### EXERCISE PROMPT
In the listing below, locate the line with "[고객 전용] TC08416" and the line with "Adicione diversão à", then output both and everything between them exactly, minus any pictures.
********************
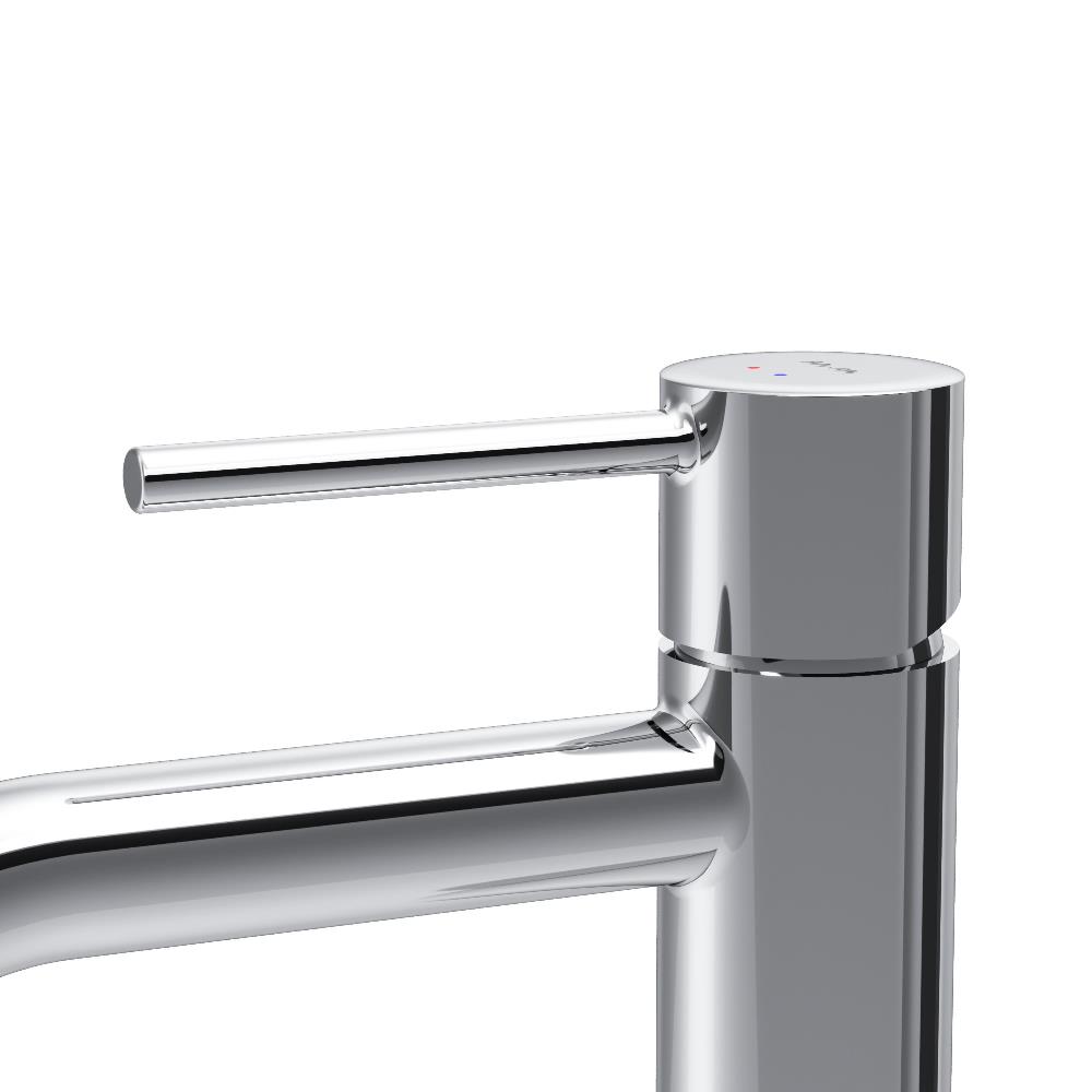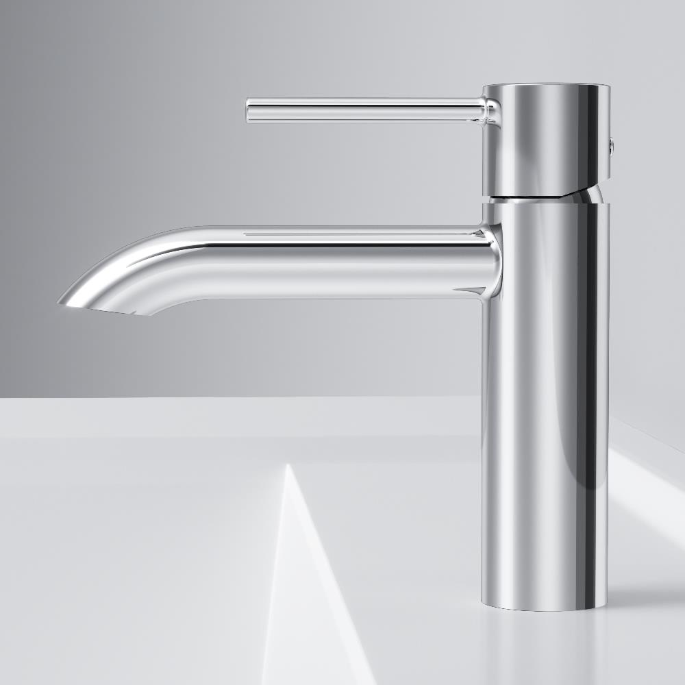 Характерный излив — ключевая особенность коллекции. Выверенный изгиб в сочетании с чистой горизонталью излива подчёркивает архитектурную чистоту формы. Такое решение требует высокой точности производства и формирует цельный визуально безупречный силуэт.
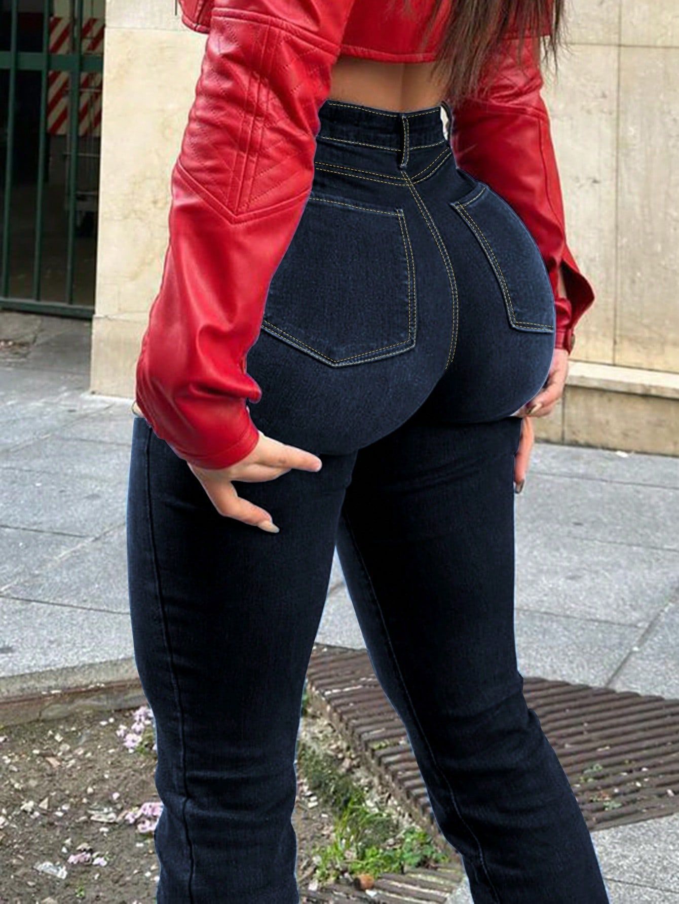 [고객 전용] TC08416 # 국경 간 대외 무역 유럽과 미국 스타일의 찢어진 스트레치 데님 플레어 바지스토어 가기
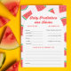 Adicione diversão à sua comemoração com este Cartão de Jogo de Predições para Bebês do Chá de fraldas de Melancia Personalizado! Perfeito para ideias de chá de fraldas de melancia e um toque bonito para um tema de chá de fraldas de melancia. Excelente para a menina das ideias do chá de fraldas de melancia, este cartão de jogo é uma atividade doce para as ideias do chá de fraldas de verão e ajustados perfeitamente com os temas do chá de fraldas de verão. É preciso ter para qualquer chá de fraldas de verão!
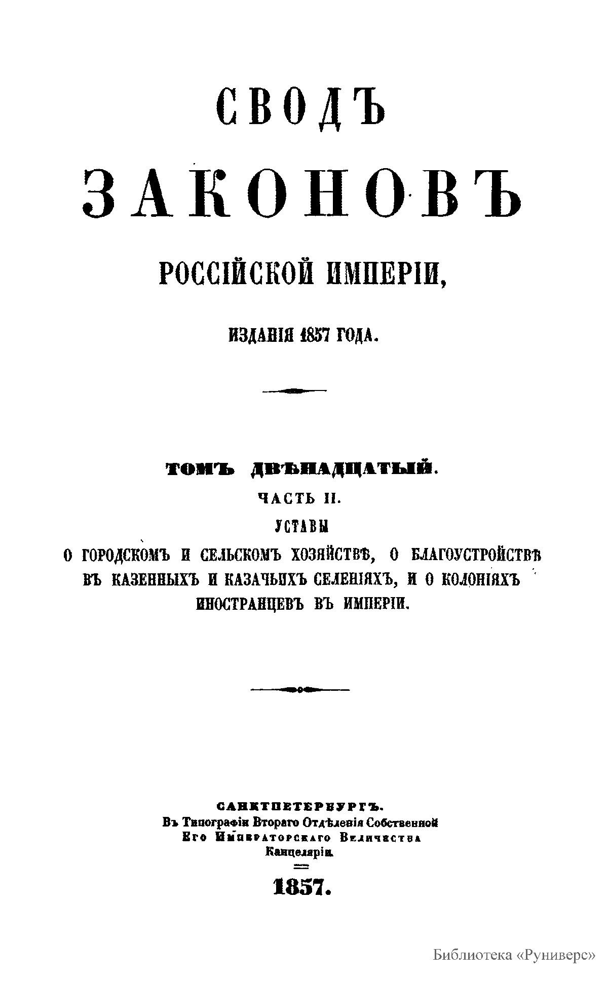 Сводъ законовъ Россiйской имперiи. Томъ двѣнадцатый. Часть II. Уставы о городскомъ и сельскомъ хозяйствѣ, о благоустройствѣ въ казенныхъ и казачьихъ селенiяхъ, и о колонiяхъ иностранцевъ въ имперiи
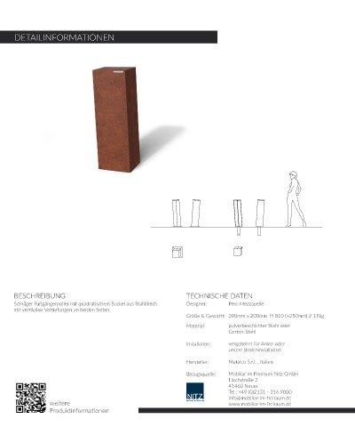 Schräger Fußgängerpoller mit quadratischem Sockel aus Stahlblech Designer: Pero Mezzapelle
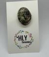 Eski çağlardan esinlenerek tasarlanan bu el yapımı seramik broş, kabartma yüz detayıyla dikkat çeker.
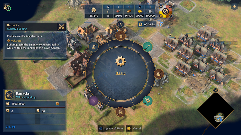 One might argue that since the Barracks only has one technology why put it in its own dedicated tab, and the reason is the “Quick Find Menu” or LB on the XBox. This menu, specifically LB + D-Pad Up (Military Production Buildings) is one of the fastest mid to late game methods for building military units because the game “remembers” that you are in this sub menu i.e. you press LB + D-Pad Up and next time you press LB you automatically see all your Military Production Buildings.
********************
### RESULT FOR THIS EXERCISE
 [고객 전용] TC08416 # 국경 간 대외 무역 유럽과 미국 스타일의 찢어진 스트레치 데님 플레어 바지스토어 가기
 Adicione diversão à sua comemoração com este Cartão de Jogo de Predições para Bebês do Chá de fraldas de Melancia Personalizado! Perfeito para ideias de chá de fraldas de melancia e um toque bonito para um tema de chá de fraldas de melancia. Excelente para a menina das ideias do chá de fraldas de melancia, este cartão de jogo é uma atividade doce para as ideias do chá de fraldas de verão e ajustados perfeitamente com os temas do chá de fraldas de verão. É preciso ter para qualquer chá de fraldas de verão!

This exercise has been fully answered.